Data engineers use additional SQL statements to **update** and **insert records** into tables.

``` sql
SELECT first_name, last_name
FROM employees
WHERE role LIKE '%Data%';
```
* The `%` wildcard allows `"Data"` to appear **anywhere** in the role title.


### Database Schema
Databases consist of multiple related tables.
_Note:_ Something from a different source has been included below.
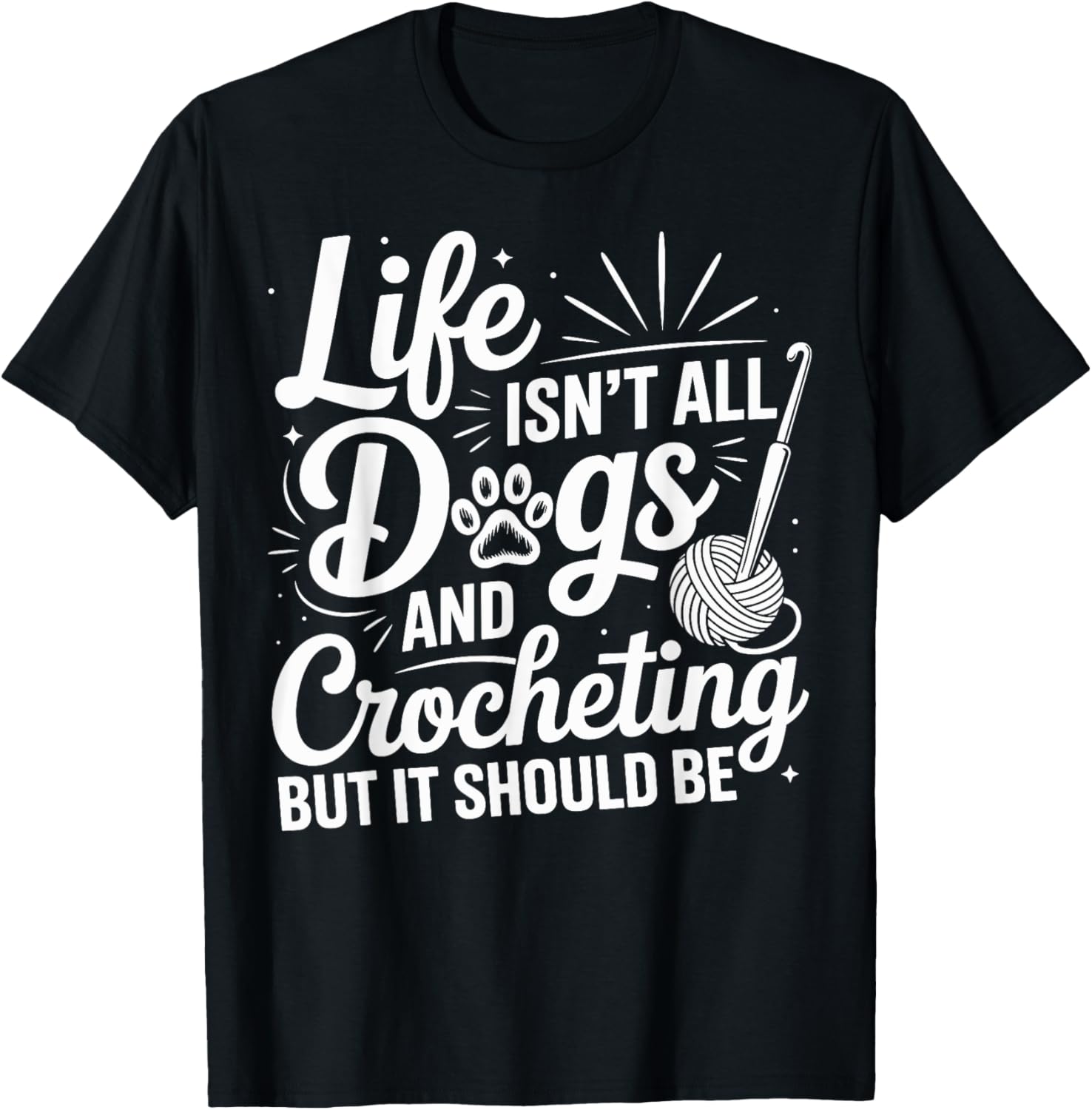 Life Isn't All Dogs And Crocheting Funny Crochet Crocheter T-Shirt

The **schema** defines how they are connected.

### Spotflix Database Example
Spotflix organizes its music data using multiple related tables:

#### Albums Table
- Stores album details (`album_id`, `artist_id`, `title`, etc.).

#### Artists Table
- Stores artist details (`artist_id`, `name`, `biography`).

#### Linking Albums and Artists
- The `artist_id` connects the **artists** table to the **albums** table.

#### Songs Table
- Stores song details (`song_id`, `album_id`, `title`, etc.).

#### Linking Albums and Songs
- The `album_id` connects the **albums** table to the **songs** table.

#### Playlists Table
- Stores playlist details (`playlist_id`, `user_id`, `song_id`, etc.).

#### Linking Playlists and Songs
- The `song_id` connects the **playlists** table to the **songs** table.

These relationships define **relational databases**, allowing efficient **data retrieval and organization**.


### SQL Implementations
Different SQL implementations exist, such as **MySQL, PostgreSQL, SQLite, and SQL Server**. While there are slight differences, they are mostly interchangeable—similar to switching between different keyboard layouts.

### Summary
- **SQL** is the **language of reference** for relational databases.
- **Data engineers** create and manage tables.
- **Data scientists** query and analyze data.
- **Database schemas** define table relationships.

## Data Warehouses & Data Lakes

### Data Pipeline Overview  
A data pipeline **collects and processes data from different sources**, storing it in either a data lake or a data warehouse.

### Data Lakes vs. Data Warehouses  

#### Data Lake  
Stores all collected **raw data** in its original form, whether **structured, semi-structured, or unstructured**.  

**Characteristics:**  
- Can handle **petabytes** of data.  
- **No enforced structure**, making it cost-effective but harder to analyze.  
- Used for **real-time analytics** on big data.  
- Requires a **data catalog** to avoid becoming a **data swamp**.  

#### Data Warehouse  
Stores **specific, structured data** optimized for analytics.  

**Characteristics:**  
- More **costly** to manipulate due to enforced structure.  
- Used for **read-only, ad-hoc queries** like aggregation and summarization.  
- Supports **business decision-making** with structured analytics.


### Data Catalog for Data Lakes  
A **data catalog** is a metadata management tool that helps organizations **organize, track, and manage** data assets within a data ecosystem; essential for managing **data lakes** due to their lack of structure.  

- Tracks **data sources, usage, ownership, and update frequency**.  
- Supports **data governance** (availability, usability, integrity, security).  
- Ensures **reproducibility** of analyses.  
- Prevents the **data lake** from turning into a **data swamp**.  


### Database vs. Data Warehouse  
- **Database**: A **broad term** for any organized collection of data stored on a computer.  
- **Data Warehouse**: A **specific type of database** designed for structured, analytical queries.  

### Summary  
- **Data lakes** store raw, unstructured data and require a **data catalog**.  
- **Data warehouses** store structured data for analytics.  
- **Data catalogs** ensure scalability and prevent reliance on **tribal knowledge**.  
- **Databases** are a general category, while **data warehouses** are a specialized type of database.